A big, fat puzzlement

So the director read my draft.  He liked it, but felt it wasn’t what he was looking for.  Not that this kicks me off the project, you understand.

He is sticking to his original version of the story, which I’m still having a hard time wrapping my head around.  The more I look at his notes, the more I wonder “Does this guy have a grasp of screenwriting basics?”

For example:  the hero is not only a film student (natch), but a really good one. “No matter what he writes, it will be awesome.”  But his crisis is that he’s not inspired to write his final script before graduating.  As a writer, I can relate to it, but it’s a boring crisis.  Where’s the conflict?  Why not have it be about the ramifications of NOT writing it?  In my version, he was worried that the script wouldn’t be good, and he kept having these dreams about overcoming self-doubt, inspiration and so on.

But it wasn’t what he wanted.

This guy wants what sounds like ‘representation of concepts’, like one character to represent inspiration as arousal of the mind, and another to stand for the hero’s gratification.  What does that even mean?  And one character is a link between his motivation and his inspiration.  This is where the cartoony question mark appears over my head with a ‘boing’ sound effect.

I’m very concerned with how this is all supposed to fit together.  Some of the scenes and characters don’t have any basis.  It’s like he thought “I’d like to have this happen,” but FOR NO REASON.  I hate when that happens.

He wants this to be an action/thriller/fantasy.  As I told him last week, where’s the action?  Right now, it’s a whole bunch of talking heads.  The hero is passive, not active.  The thriller aspect means suspense, intrigue and mystery.  What he’s suggesting has none of these.  The fantasy refers to him wanting it to be all set in the hero’s mind; it’s all a dream.  I can make an exception for the fantasy aspect, but SOMETHING HAS TO HAPPEN!
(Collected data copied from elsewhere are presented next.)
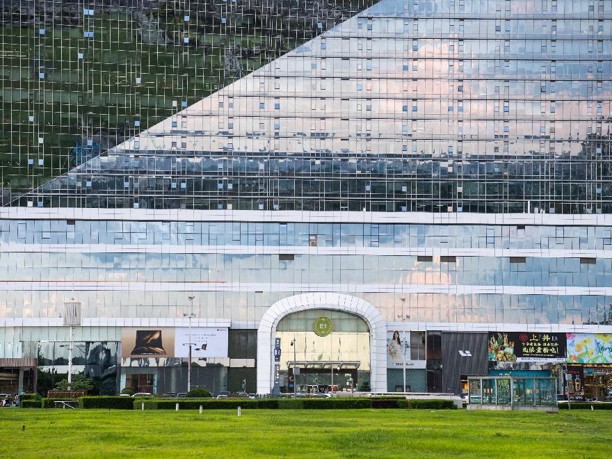 7月10日,环球中心。建筑外立面如镜面般,倒映着独特的晚霞。
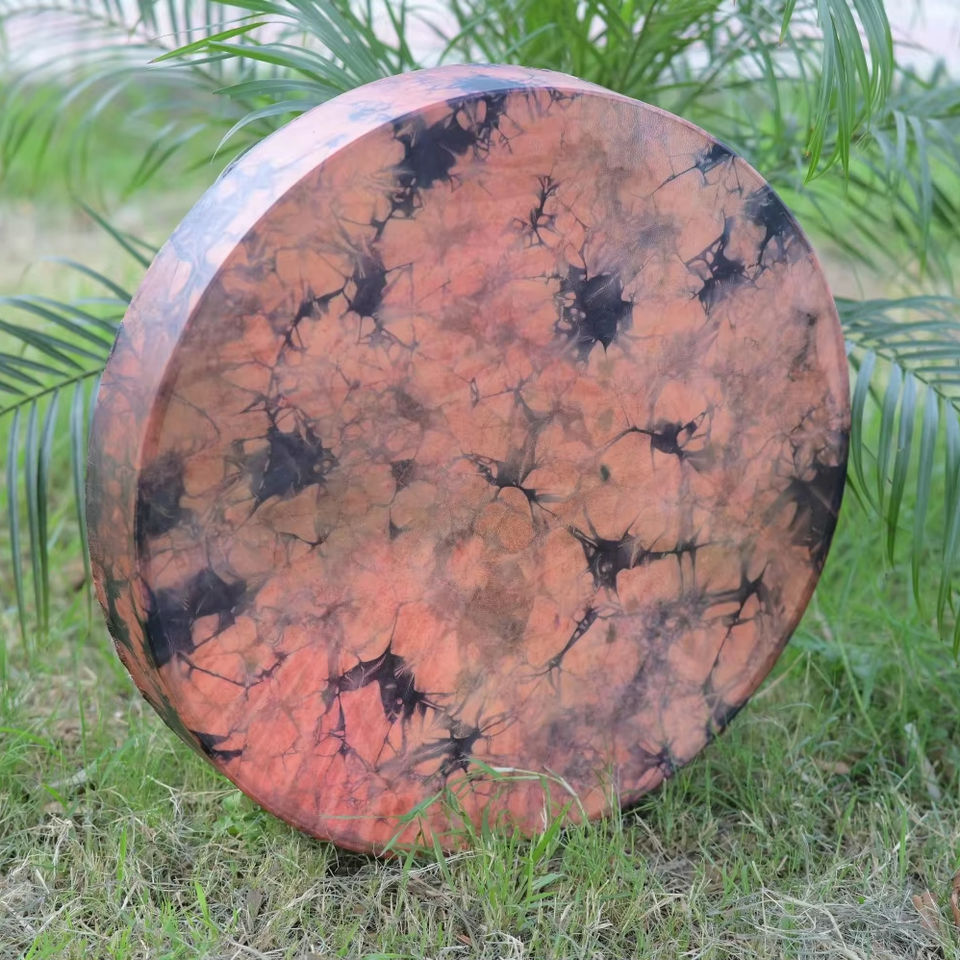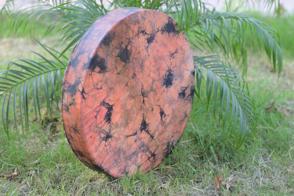 กลองชามานทำมือ กลองกรอบเพ้นท์ลาย กลองบำบัดจิตวิญญาณ เครื่องดนตรีสำหรับการทำสมาธิและพิธีกรรม
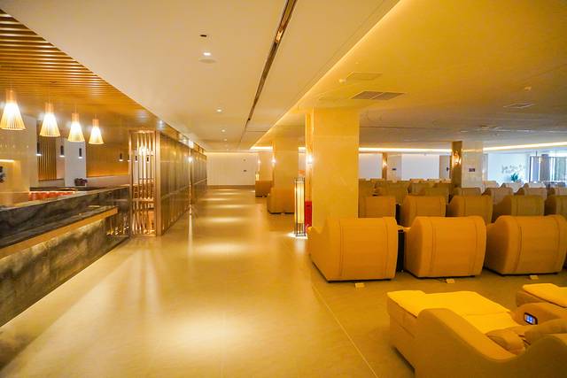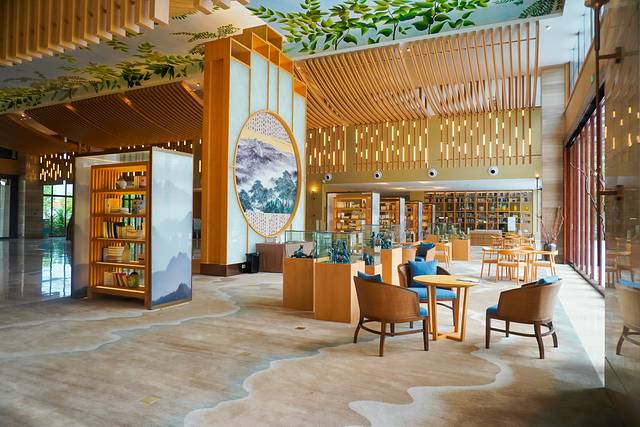 造型独特的屏风把大堂和大堂吧相隔分开,简约的休息桌椅,大气的装修格调,显得低调又奢华。一旁的书柜琳琅满目的摆放着各种书籍,让休息的客人也不会觉得无聊,温馨的光线让整个空间恰到好处的舒适。
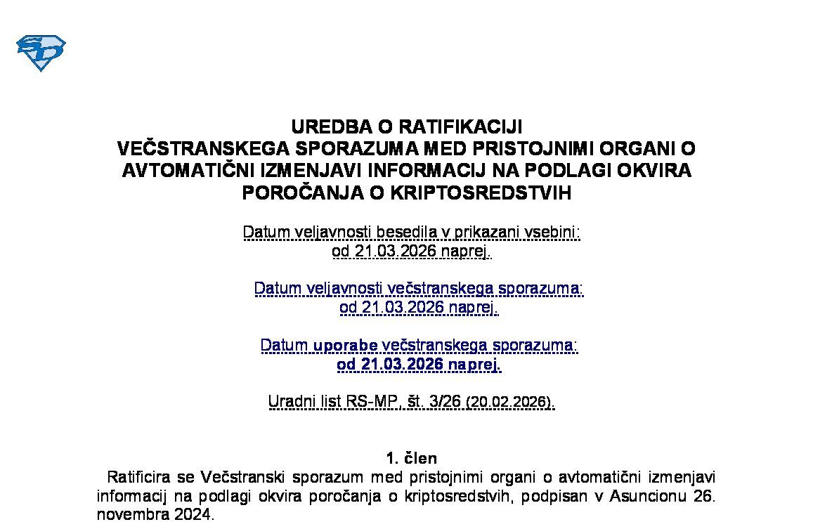 VEČSTRANSKI SPORAZUM MED PRISTOJNIMI ORGANI O AVTOMATIČNI IZMENJAVI INFORMACIJ O FINANČNIH RAČUNIH (NUPB - neuradno prečiščeno besedilo) 21.02.2026 [!] 04.03.2026

He sent me the character descriptions today.  They were much more extensive than I expected.  As I mentioned above, the hero is a film student and his work is awesome, etc., etc.  Making the Golden Boy your hero is boring, unless something happens that conflicts with him.  The Girlfriend character is listed as angry; why is she angry?  I was told because she thinks he cheated on her.  But it was in a dream.  And she’s angry in the dream.  But is she angry in real life?  There’s a bossy call girl, who is supposed to be doing ‘naughty things’.  And her pimp, who is an orphan but was raised by the call girl’s mother and promised to take care of her.  SO NOW HE’S PIMPING OUT A WOMAN HE PROBABLY CONSIDERS HIS SISTER?  AND THEY WANT TO OPEN AN ‘EXOTIC CLUB’ TOGETHER?  This is creepy on so many levels.

Then there’s the wise pool player, which I guess is supposed to be a kind of Obi-Wan character.  I think.  I don’t even know what he’s supposed to do.

Like I said, this is what the director wants.

I’m meeting with him tomorrow, armed with a whole bunch of questions.  If it doesn’t work out, no hard feelings.  I gave it a shot, but if he’s dealing in abstracts, then I’m not the right guy for the job.

He said he’s moving to LA/H’wood early next year.  No matter what happens, I wish him all the best.  He’s gonna need it.

2 thoughts on “A big, fat puzzlement

  1. Paul,

    You aren’t alone, and if you must exit, I hope you do so gracefully.

    A pal from my acting class, who also directs, came to me with an idea for a movie about two brothers, both abuse victims, who take different paths in life. That may sound like a good set-up for a drama, but he then veered off into about the same sort of nonsense you’re experiencing. I tried to steer him toward the dramatic side, where the older brother, who took a corrupt path, ends up getting into some trouble, and the younger brother, who took the straight and narrow, has to get him out of it, but my ideas didn’t fit his “vision” so the project faded, which is too bad, because I think we had a winner. He was more interested in being weird than telling a story. His title was awful: “The Ties that Bind Them”. But he thought the title was so hot that he registered it!

    What is it about filmmakers and their movies about dreams? My friend’s first directorial effort, a short film, was about a character with both physical and emotional problems who wanted to reach a state of “wakeful unconsciousness” so he could “dream forever” and the movie was complete shit.

    And I can feel the rush of hot gas from your director as I read your post; he won’t last ten minutes in Hollywood, and will spend most of his time bemoaning the fact that nobody understands his greatness.

    • Yes, and yes. These projects raise all kinds of flags. Victims generally make lousy main characters; they’re people things happen to, not people who make things happen. Most viewers do not identify with characters they pity.

      Ask yourself re any project: what are the stakes? Unless the stakes are really big, the movie will be drivel. The ‘wise pool player’ sounds like a variant of the ‘magical negro,’ a total cliche. Do these directors want to run before they can walk?